> Work instruction
Skip every picture. Print each line from the one containing "Style: Handmade Coffee&Tan" through the end of the records below, word for word.

#####

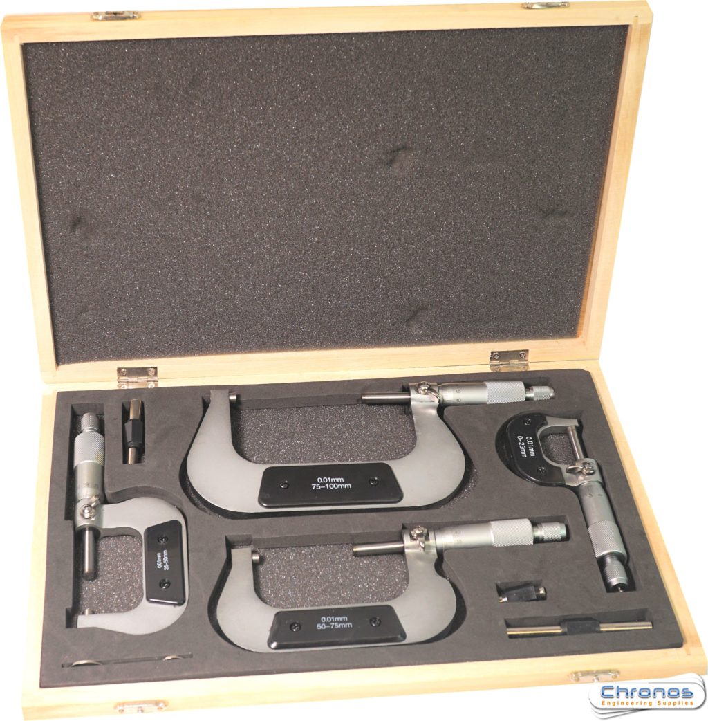 Set of Four Micrometers – Metric 0-100mm- SORRY OUT OF STOCK
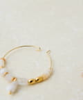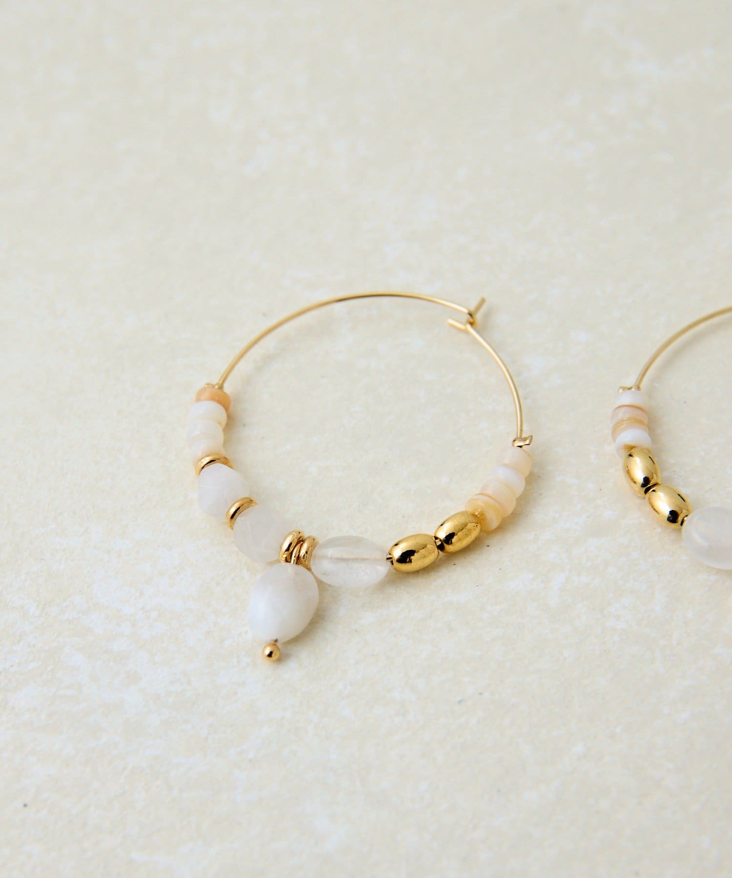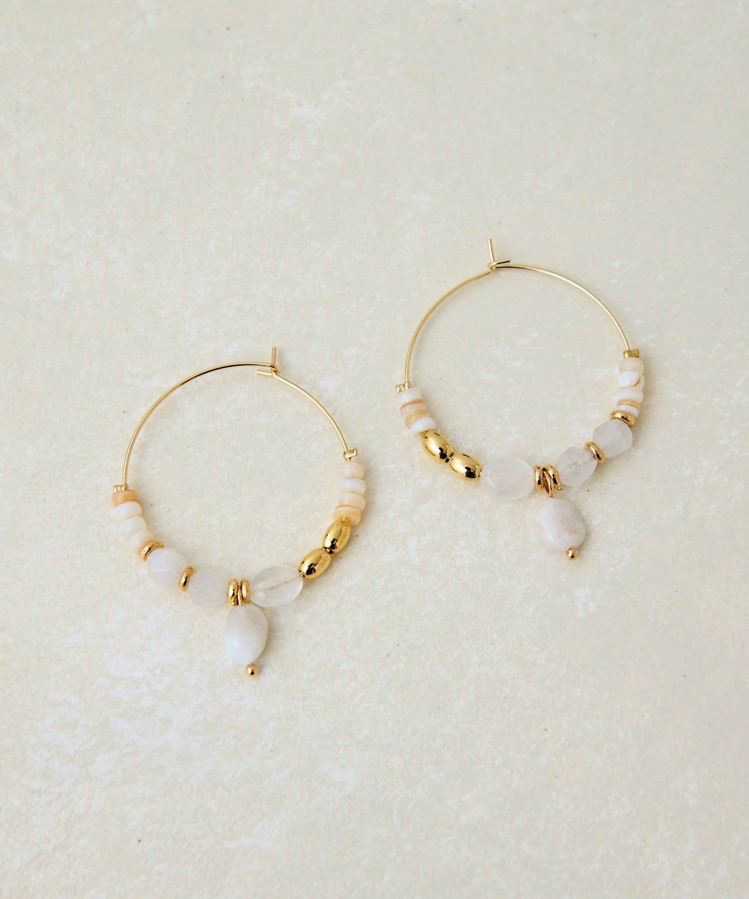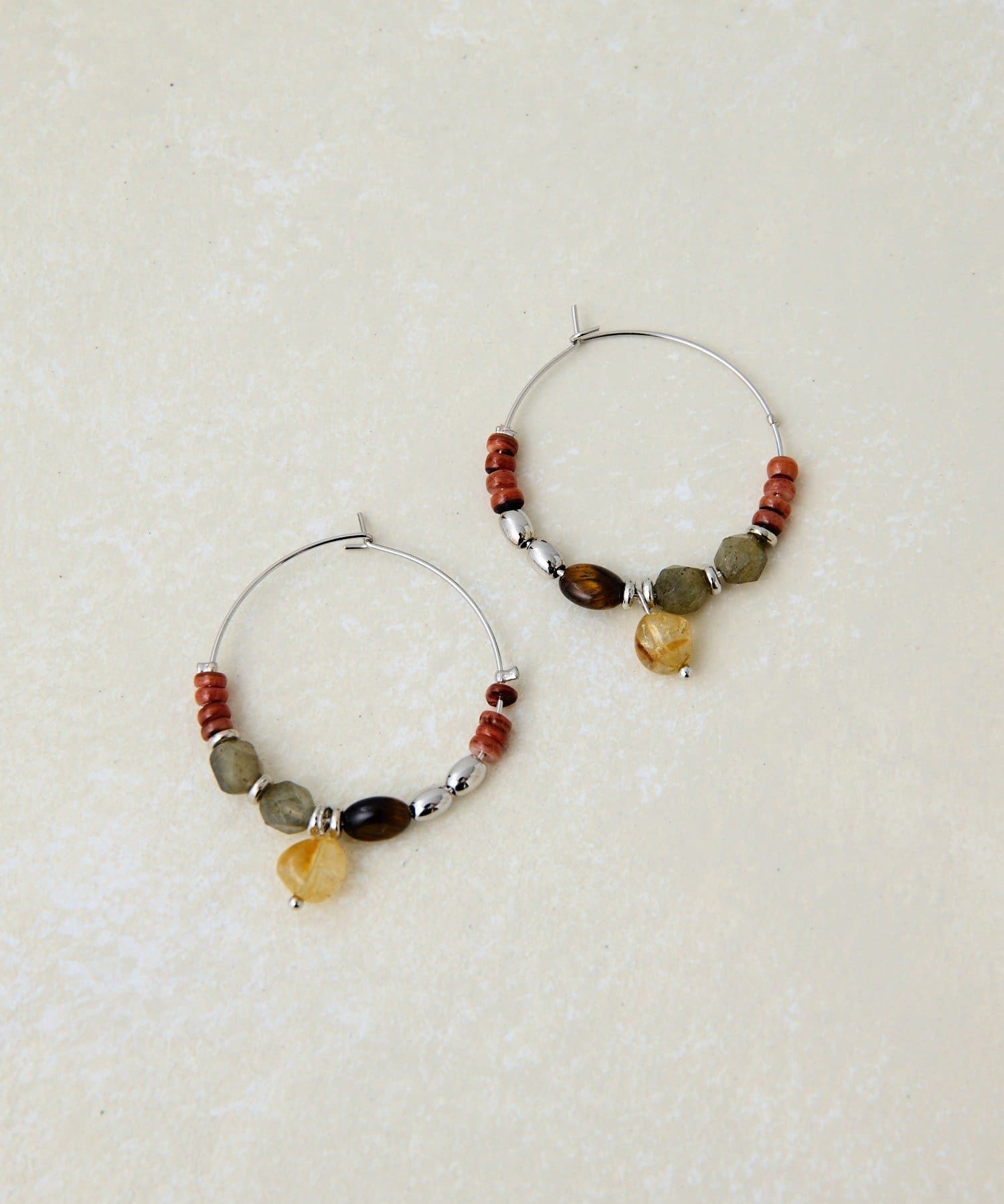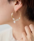 様々な天然石をあしらったフープピアスは、存在感のあるデザイン。
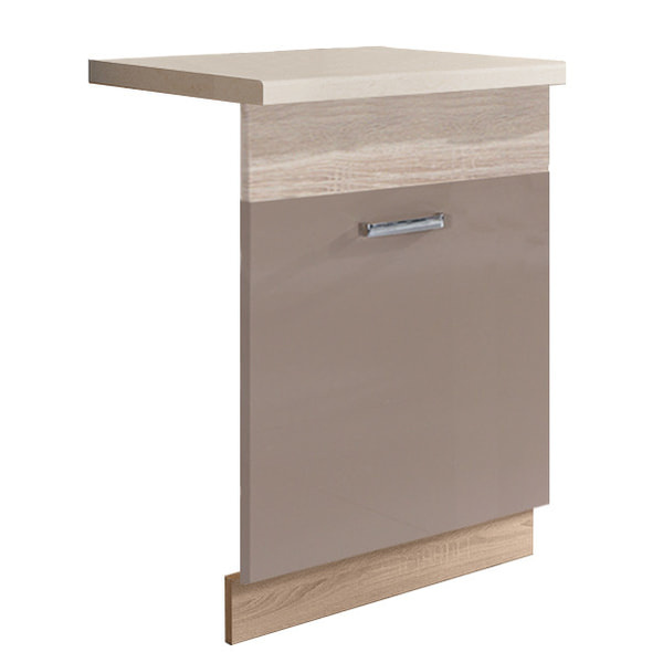 Přední část pro myčku ze sestavy PREMIO je vyrobena z laminované dřevotřísky v barevném provedení dub sonoma/cappuccino lesk. Dolní skříňky jsou bez pracovní desky a soklu.
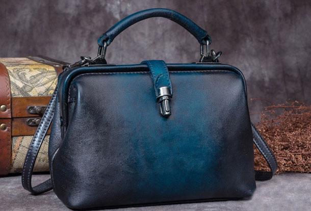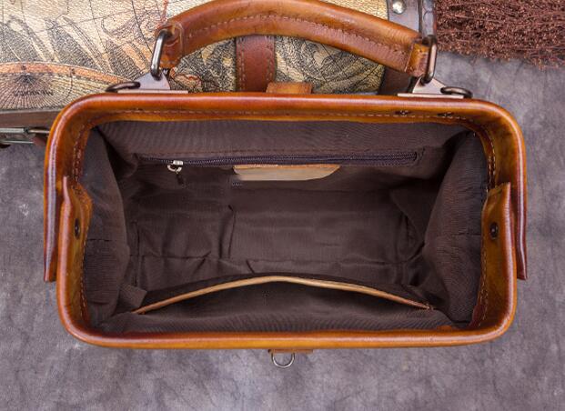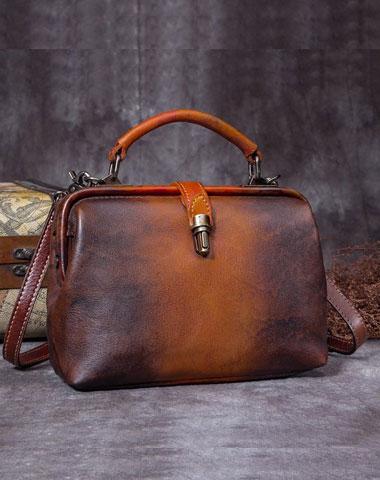 Style: Handmade Coffee&Tan Leather Handbag Vintage Doctor Bag Shoulder Bag Purse For Women
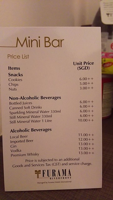 そこそこいいホテルみたいで、客室のミニバーもいいお値段。
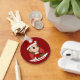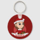 Keychain with an illustration of a cute smiling happy girl with long brown hair, she is wearing red and white Santa Claus costume and holding a present; with editable text template for your name or message, Christmas holidays design with a red background
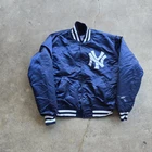 Vintage 80s STARTER Satin Bomber Diamond Jacket NEW YORK YANKEES L Logo Vintage condition The exterior have spots, marks, etc all over! Have been washed , but not spot treated Please check out photos for details Chest: 25 Length: 26
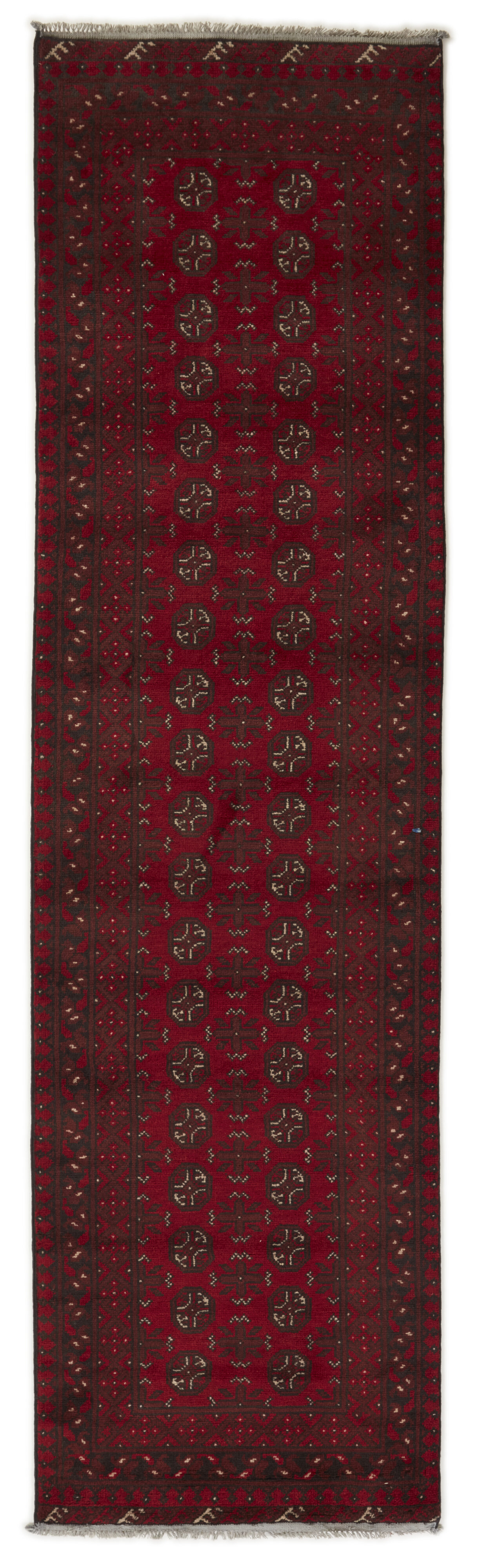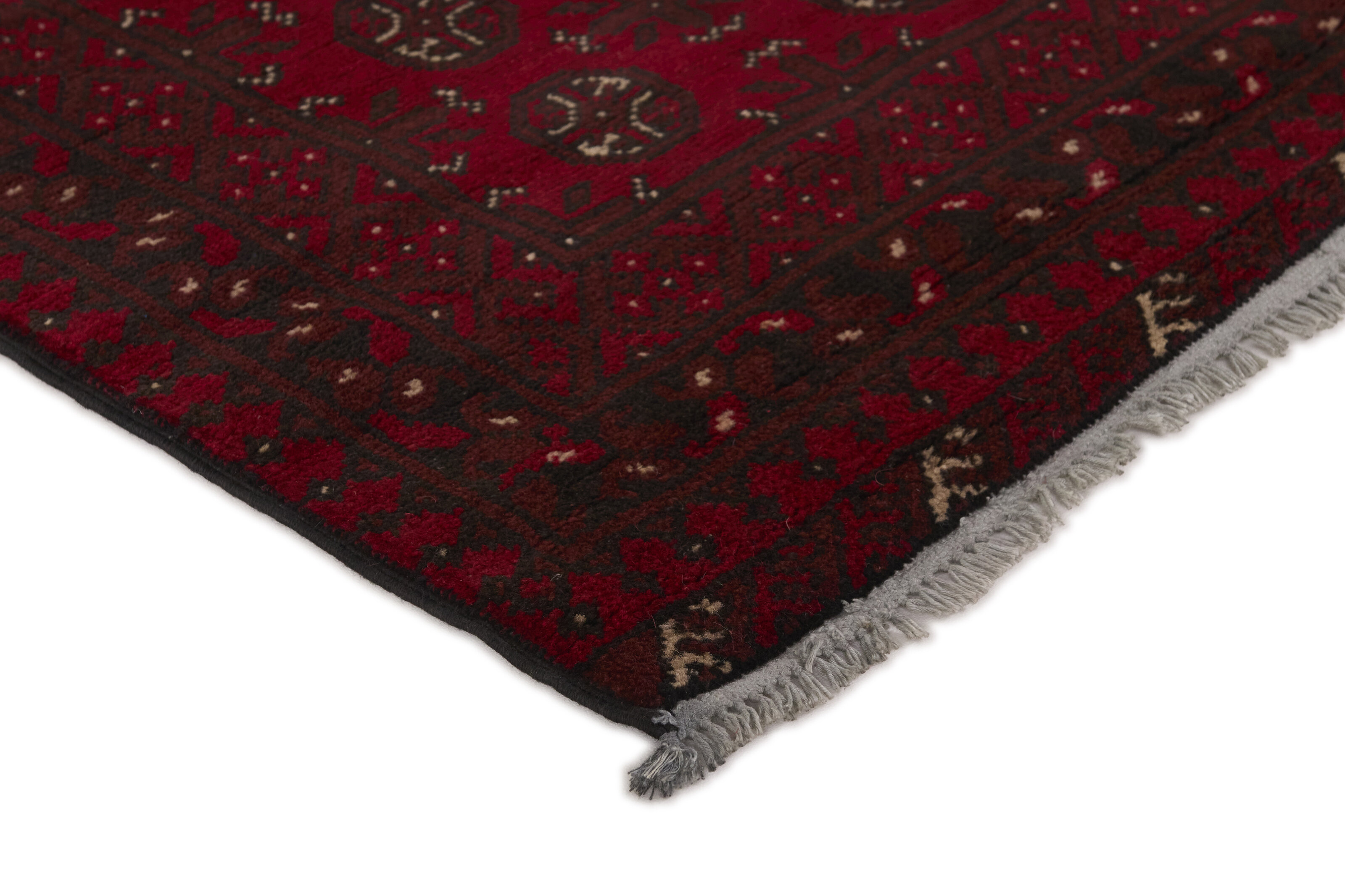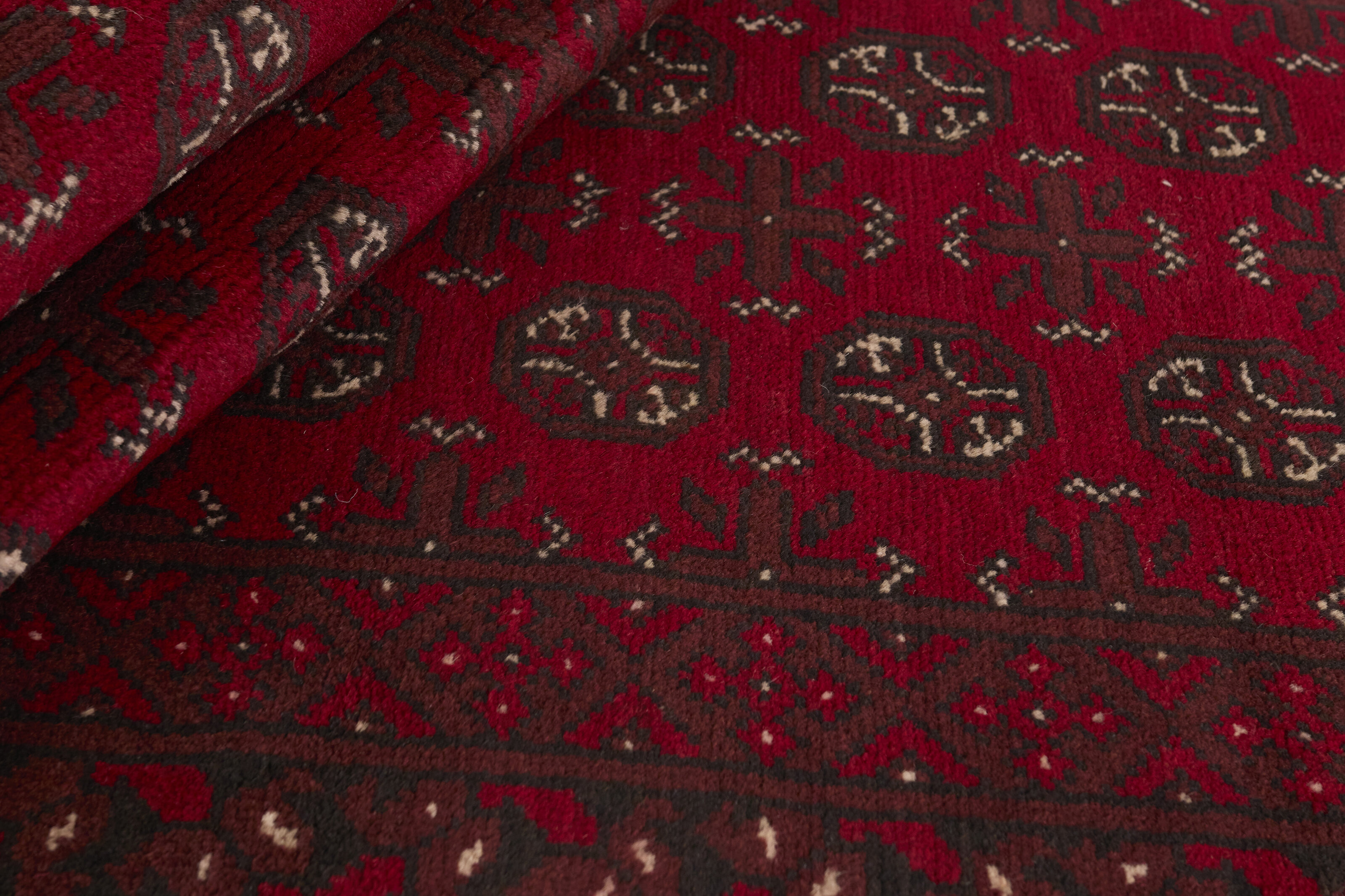 Aktscha rugs are knotted by Turkmens in the Aktscha (Acqcha) district, which is situated in the central part of the Jowzjan Province of northern Afghanistan. The Aktscha rugs are very similar to the Old Afghan (Khal Mohammadi) rugs, but are of a lower quality, as the knot density is lower. The rugs have the same characteristics, with the deep, warm, and fiery red base colour, the relatively high and sturdy pile, the wool base weave, and the use of goat’s and horse’s hair. The Gül (Elephant’s Foot) pattern is the primary pattern of the Aktscha rugs.
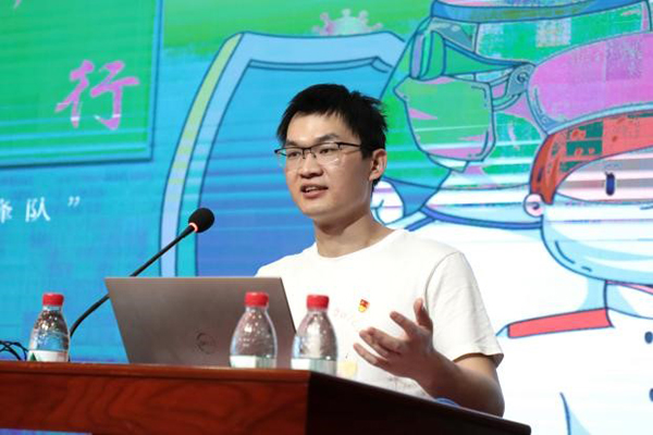 支援街道学生志愿者代表王光明介绍了先锋队在疫情最吃紧的时刻挺身而出,化身社区守护者,分派到街道所辖的十余个社区中,担任电话联络员、核酸检测员、物资发放员以及药品配送员等工作,回顾了守“沪”枫林,勇敢逆行的抗疫故事。
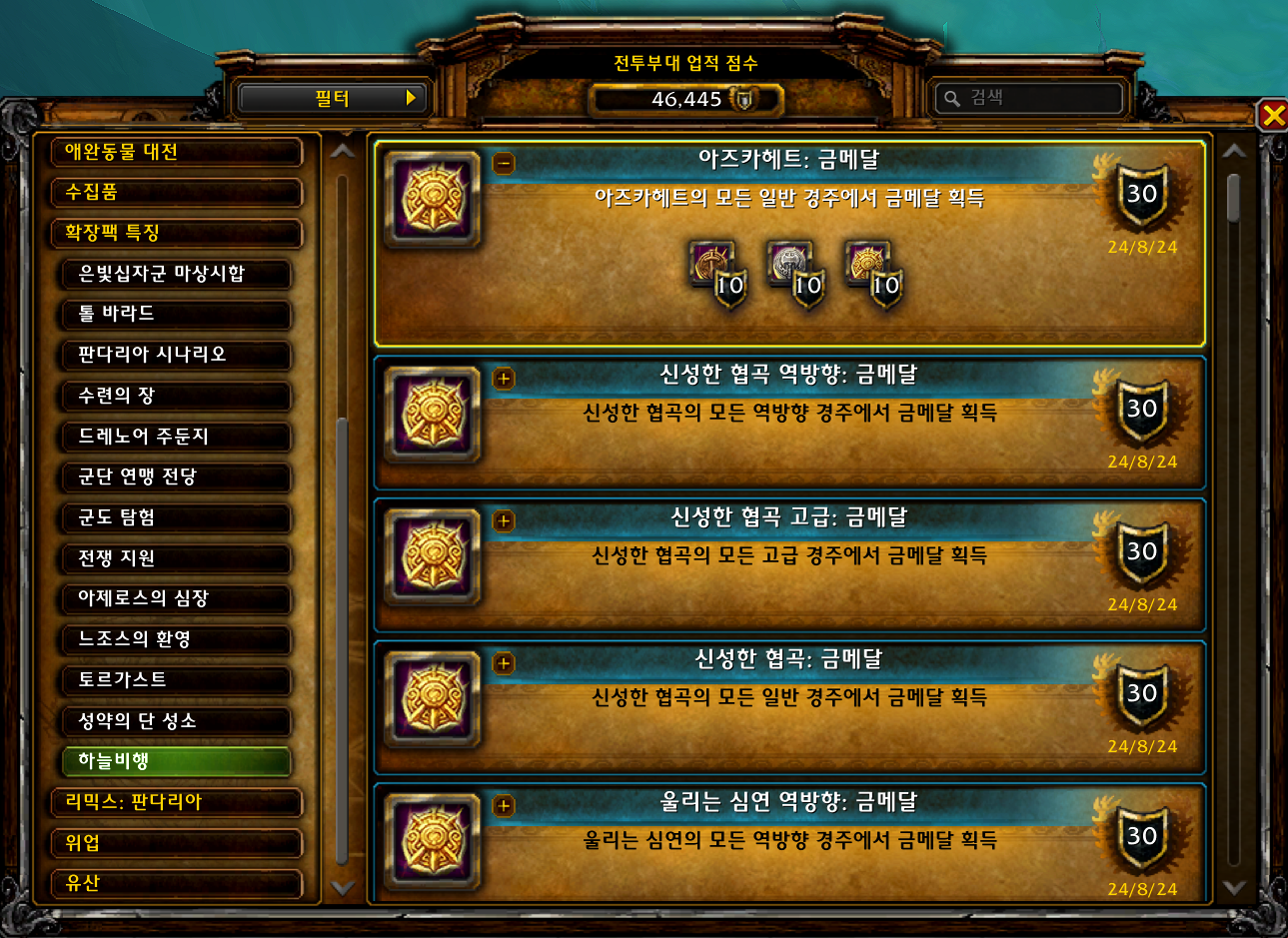 | [와우업적]아즈카헤트 역방향: 금메달 (0) | 2024.08.25 |

#####

> Answer section
 Style: Handmade Coffee&Tan Leather Handbag Vintage Doctor Bag Shoulder Bag Purse For Women
 そこそこいいホテルみたいで、客室のミニバーもいいお値段。
 Keychain with an illustration of a cute smiling happy girl with long brown hair, she is wearing red and white Santa Claus costume and holding a present; with editable text template for your name or message, Christmas holidays design with a red background
 Vintage 80s STARTER Satin Bomber Diamond Jacket NEW YORK YANKEES L Logo Vintage condition The exterior have spots, marks, etc all over! Have been washed , but not spot treated Please check out photos for details Chest: 25 Length: 26
 Aktscha rugs are knotted by Turkmens in the Aktscha (Acqcha) district, which is situated in the central part of the Jowzjan Province of northern Afghanistan. The Aktscha rugs are very similar to the Old Afghan (Khal Mohammadi) rugs, but are of a lower quality, as the knot density is lower. The rugs have the same characteristics, with the deep, warm, and fiery red base colour, the relatively high and sturdy pile, the wool base weave, and the use of goat’s and horse’s hair. The Gül (Elephant’s Foot) pattern is the primary pattern of the Aktscha rugs.
 支援街道学生志愿者代表王光明介绍了先锋队在疫情最吃紧的时刻挺身而出,化身社区守护者,分派到街道所辖的十余个社区中,担任电话联络员、核酸检测员、物资发放员以及药品配送员等工作,回顾了守“沪”枫林,勇敢逆行的抗疫故事。
 | [와우업적]아즈카헤트 역방향: 금메달 (0) | 2024.08.25 |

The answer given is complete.